Balochistan govt, NBP launch subsidized electric scooter scheme for students, women
The Government of Balochistan and the National Bank of Pakistan on Wednesday launched a subsidized electric scooter scheme, aimed at improving mobility for students, working women, and the general public while promoting environmentally friendly transportation across the province. Under the initiative, electric scooters will be provided on easy, subsidized installments, making clean and affordable transport more accessible to a wide segment of society. The programme is part of the provincial government’s broader push to ease daily commuting challenges and encourage sustainable urban mobility. A formal memorandum of understanding (MoU) was signed during a ceremony held at the Chief Minister’s Secretariat in Quetta. The event was attended by Chief Minister Mir Sarfaraz Bugti, Provincial Minister Mir Sadiq Umrani, senior provincial officials, and top representatives of the National Bank of Pakistan. Speaking on the occasion, Chief Minister Bugti described the scheme as a major step toward ensuring safe, affordable, and dignified commuting options, particularly for students and working women. He said the initiative would help reduce daily transportation hardships while offering a reliable alternative to conventional fuel-based vehicles. The chief minister noted that the promotion of electric scooters would also contribute to lower transportation costs and reduced environmental impact, aligning with the government’s goal of supporting eco-friendly and sustainable mobility solutions. Highlighting the provincial government’s focus on public welfare, Bugti said initiatives such as this directly improve the quality of life for citizens and play a key role in empowering women and young people. He added that expanding access to affordable transport was essential for enabling education, employment, and economic participation.

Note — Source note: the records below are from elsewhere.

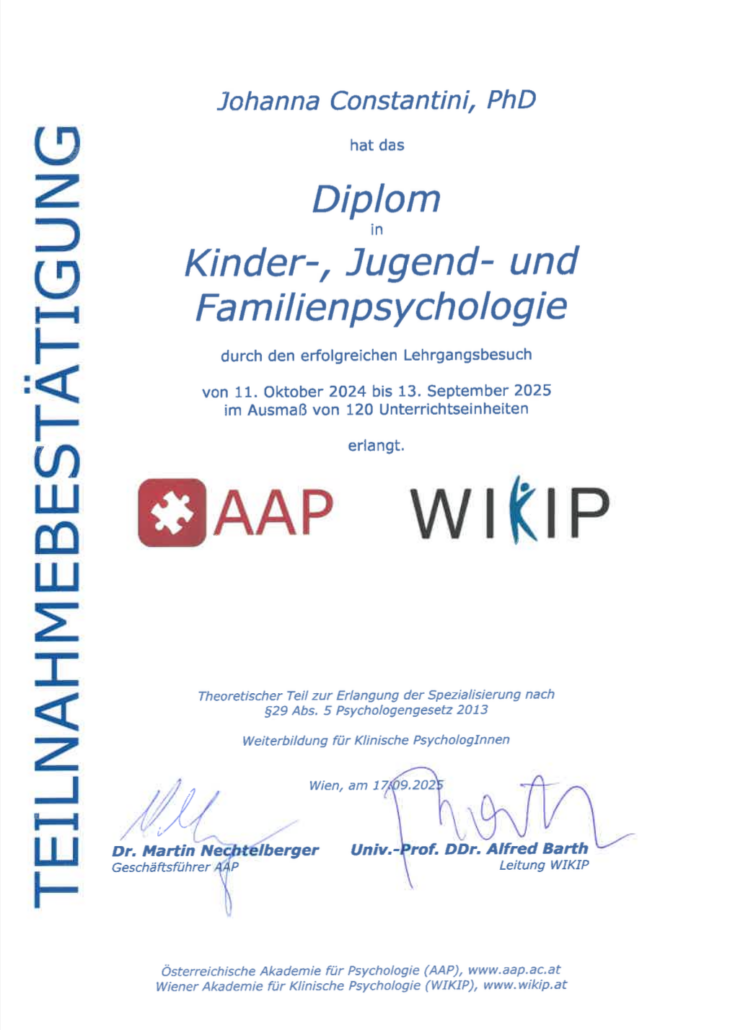 Ich freue mich, den vertiefenden Lehrgang für Kinder-, Jugend- und Familienpsychologie im September erfolgreich abgeschlossen zu haben. Danke an das Team der Österreichischen Akademie für Psychologie sowie der Wiener Akademie für Klinische Psychologie für die tolle Organisation. Ich freue mich, für die Ausbildungseinrichtungen bald selbst wieder einige Fortbildungen – vor allem rund um das Thema online Medien und Kommunikation – verantworten zu dürfen.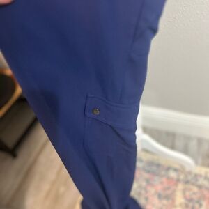 This is a beautiful jumpsuit. It has removable straps on the top that snapped. It is a cargo style with pockets.
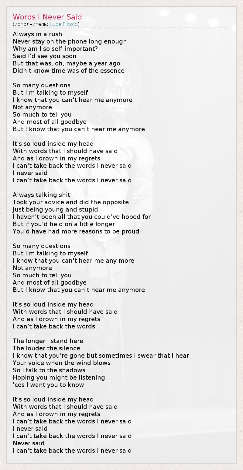 Вечно спешу, Некогда поговорить по телефону. Почему я такая заносчивая? Сказала тебе "Увидимся", Но это было, кажется, около года назад... Я не думала, что время настолько существенно. У меня столько вопросов, Но я задаю их самой себе. Я знаю, что ты больше меня не слышишь, Уже нет. Мне так много нужно тебе сказать, И больше всего - "Прощай". Но я знаю, что ты больше меня не слышишь. В моей голове крутятся слова, Которые я должна была сказать. И, утопая в сожалениях, Я не могу взять обратно те слова, Что никогда не были произнесены. Я не могу взять обратно те слова... Постоянно несла чушь, Внимала твоим советам и делала обратное. Я просто была юной и глупой, Ты не мог на меня надеяться. Но если бы ты еще немного продержался, Ты смог бы мной гордиться. У меня столько вопросов, Но я задаю их самой себе. Я знаю, что ты больше меня не слышишь, Уже нет. Мне так много нужно тебе сказать, И больше всего - "Прощай". Но я знаю, что ты больше меня не слышишь. В моей голове крутятся слова, Которые я должна была сказать. И, утопая в сожалениях, Я не могу взять обратно те слова... Чем дольше я нахожусь здесь, Тем громче звучит тишина. Я знаю, что ты ушел. Но, клянусь, В дуновении ветра я слышу твой голос. Я разговариваю с тенями, Надеясь, что ты услышишь меня. Я хочу, чтобы ты знал... В моей голове крутятся слова, Которые я должна была сказать. И, утопая в сожалениях, Я не могу взять обратно те слова, Что никогда не были произнесены... Я не могу взять обратно те слова, Что никогда не были произнесены, Я не могу взять обратно те слова, что никогда не были произнесены...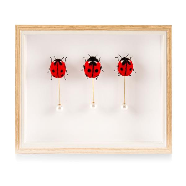 Each set contains 3 100% wool felted ladybirds (exclusive of decorations).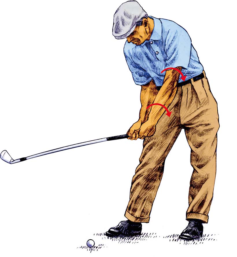 野球のサイドスローのイメージを、スイングの基本に置いたホーガン。だが、ゴルフではクラブヘッドが手元より離れているため、振り遅れる動きにもなりやすい。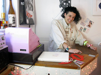「知人の紹介でキタコレビルを訪れた時、とても興奮した!みんなが作ったリメイクアイテムを見て、インスピレーションが湧いたの。クリエイティビティが刺激されて、私もやりたい!もっとやりたい!って思った。今は、キタコレビルにいるみんなが私の先生よ」(レイチェルさん)。

Reaffirming the government’s commitment to inclusive development, the chief minister said the Balochistan government would continue introducing projects that deliver practical benefits, support long-term economic growth, and promote social progress across the province. Officials said further details regarding eligibility criteria, installment plans, and application procedures for the electric scooter scheme would be announced separately.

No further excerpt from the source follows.